** Records to process follows **

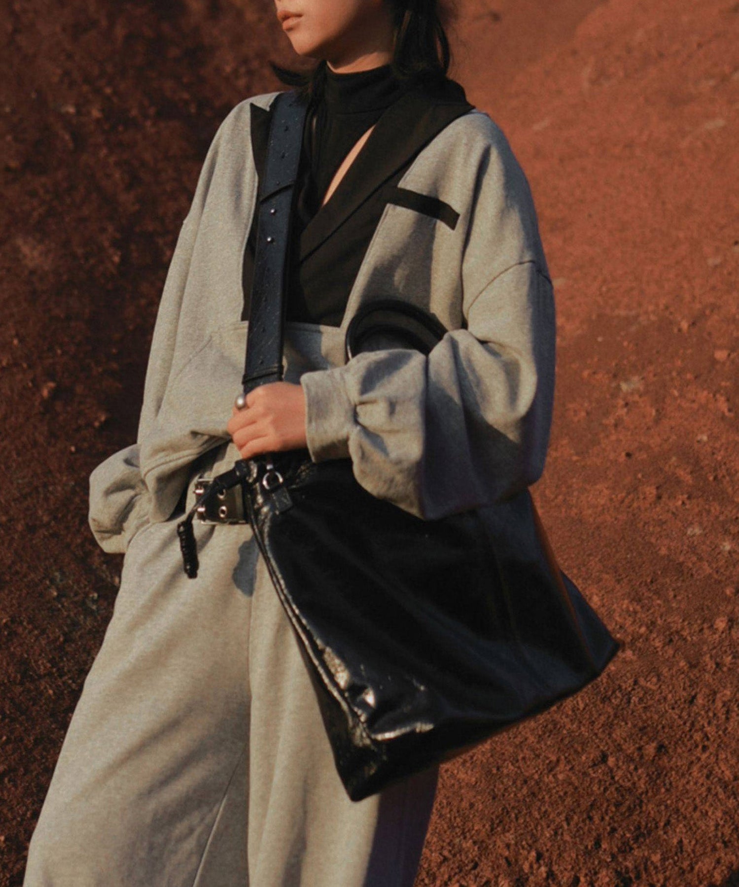 Boutique Black Large Capacity Calf Leather Tote Handbag
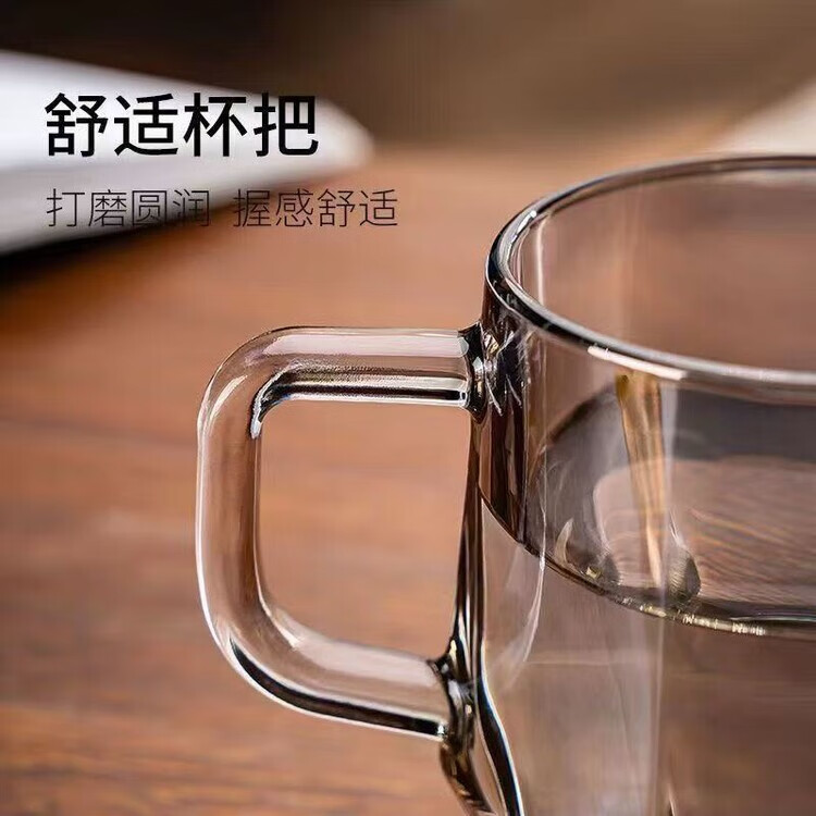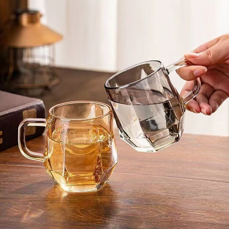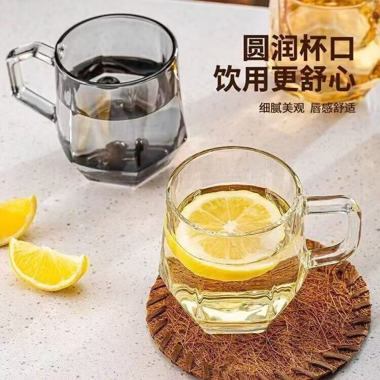 简漾钻石玻璃杯把手客厅喝水水杯牛奶家用饮料创意杯子咖啡杯果汁轻奢 透明六角把杯 两只装
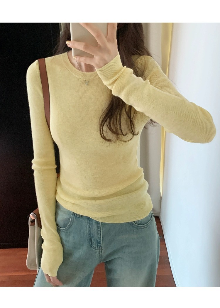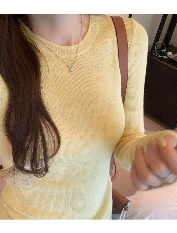 한국 스타일 민트 그린 니트 이너웨어 2025 초봄 신상 슬림핏 얇은 스타일 약간 비침있는 달콤하고 매혹적인 긴팔 여성 상의
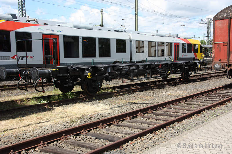 40 80 9423 061-7 Tragwagen 384 Der in einem Container untergebrachte Simulator befindet sich zurzeit bei Krauss Maffei und wird dort den neuen Rettungszügen angepasst, u.a. soll ein Original-Führerstand 714.1 eingebaut und weitere "Übungsstrecken" installiert werden. |
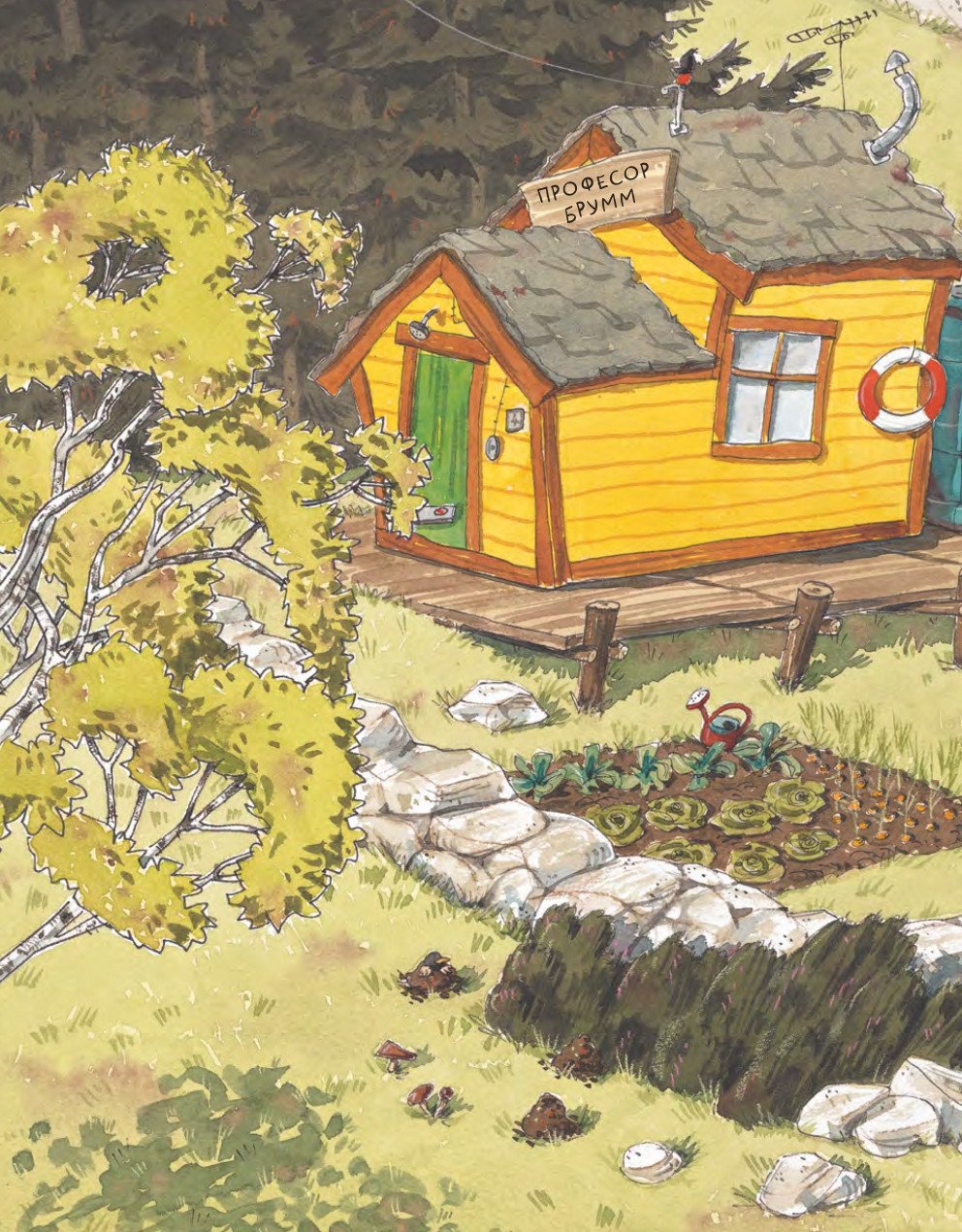 Професор Брумм – той самий чудернацький ведмідь, якому дуже складно прожити хоч день без пригод. Незграбний, добродушний і безнадійно веселий, він постійно втягує собі у нові халепи, але ніколи не лишається сам: поруч його вірні напарники — балакуча золота рибка та завжди серйозний барсук. Разом вони мешкають цілі тижні суцільних бешкетів: то вирушають купатися, то випадково опиняються за кермом потягу, то блукають островами і зіштовхуються з фантастичними створіннями. Щодня — нова пригода, новий сміх і нова історія, яка знову доводить: із професором Бруммом нудьга просто не має шансів.
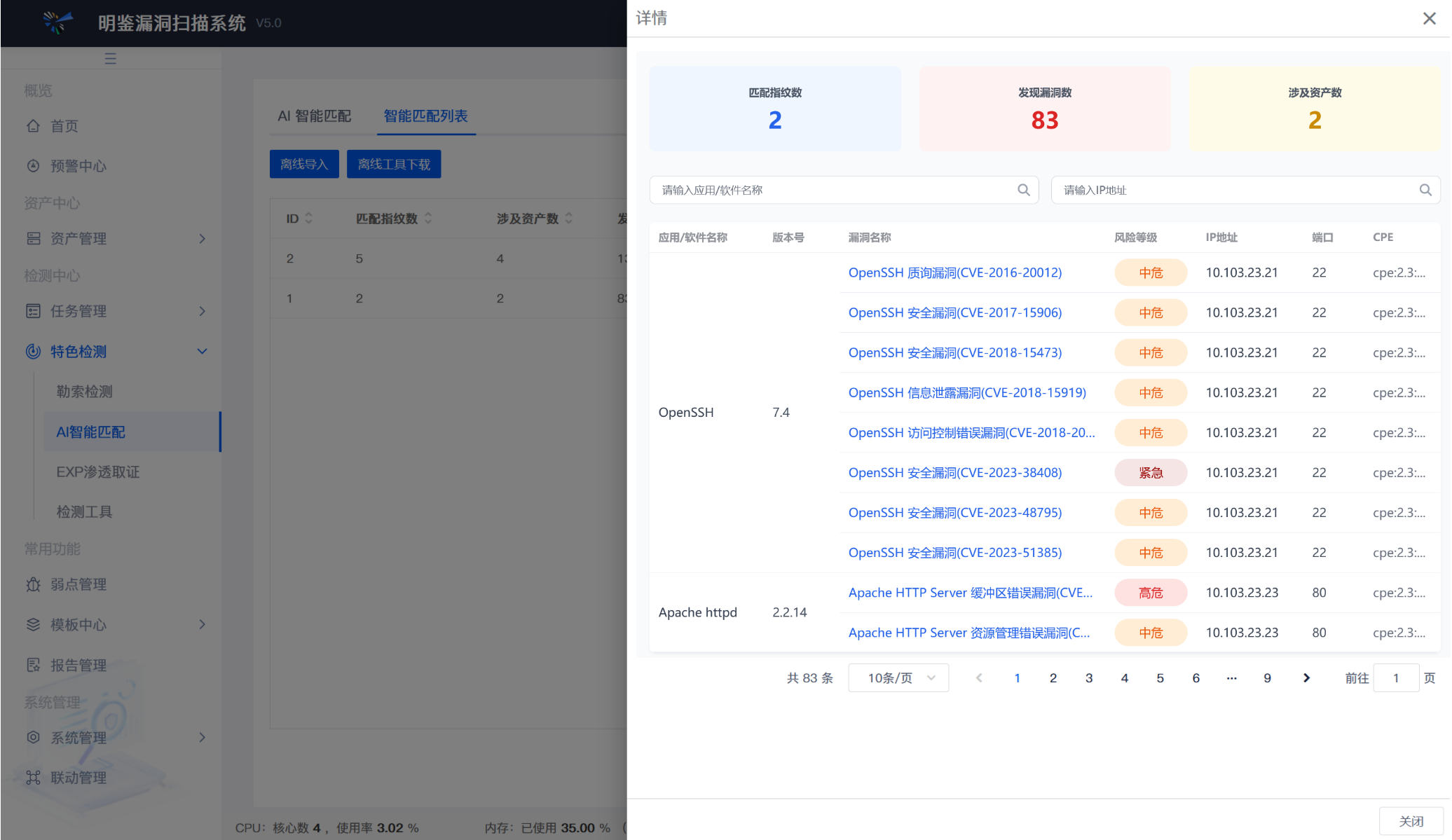 128 台服务器的扫描任务在 67 秒内完成。沉积难修的几个漏洞都被发现,更意外的是,除了通过AI智能体匹配互联网最新漏洞情报库外,内部网络还能基于自带漏洞库做检测,都做到了对业务0发包的无感扫描,重要业务系统均稳定运行。
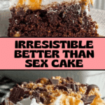 Keywords: Better Than Sex Cake, devil’s food cake, caramel cake, no-bake frosting, Heath bar dessert, easy chocolate cake recipe

** End of Records to process **

# Exercise directions
The required output is the lines from the one containing "40 80 9423 061-7" through the end of the records above, reproduced exactly, with no pictures.

# Exercise output
 40 80 9423 061-7 Tragwagen 384 Der in einem Container untergebrachte Simulator befindet sich zurzeit bei Krauss Maffei und wird dort den neuen Rettungszügen angepasst, u.a. soll ein Original-Führerstand 714.1 eingebaut und weitere "Übungsstrecken" installiert werden. |
 Професор Брумм – той самий чудернацький ведмідь, якому дуже складно прожити хоч день без пригод. Незграбний, добродушний і безнадійно веселий, він постійно втягує собі у нові халепи, але ніколи не лишається сам: поруч його вірні напарники — балакуча золота рибка та завжди серйозний барсук. Разом вони мешкають цілі тижні суцільних бешкетів: то вирушають купатися, то випадково опиняються за кермом потягу, то блукають островами і зіштовхуються з фантастичними створіннями. Щодня — нова пригода, новий сміх і нова історія, яка знову доводить: із професором Бруммом нудьга просто не має шансів.
 128 台服务器的扫描任务在 67 秒内完成。沉积难修的几个漏洞都被发现,更意外的是,除了通过AI智能体匹配互联网最新漏洞情报库外,内部网络还能基于自带漏洞库做检测,都做到了对业务0发包的无感扫描,重要业务系统均稳定运行。
 Keywords: Better Than Sex Cake, devil’s food cake, caramel cake, no-bake frosting, Heath bar dessert, easy chocolate cake recipe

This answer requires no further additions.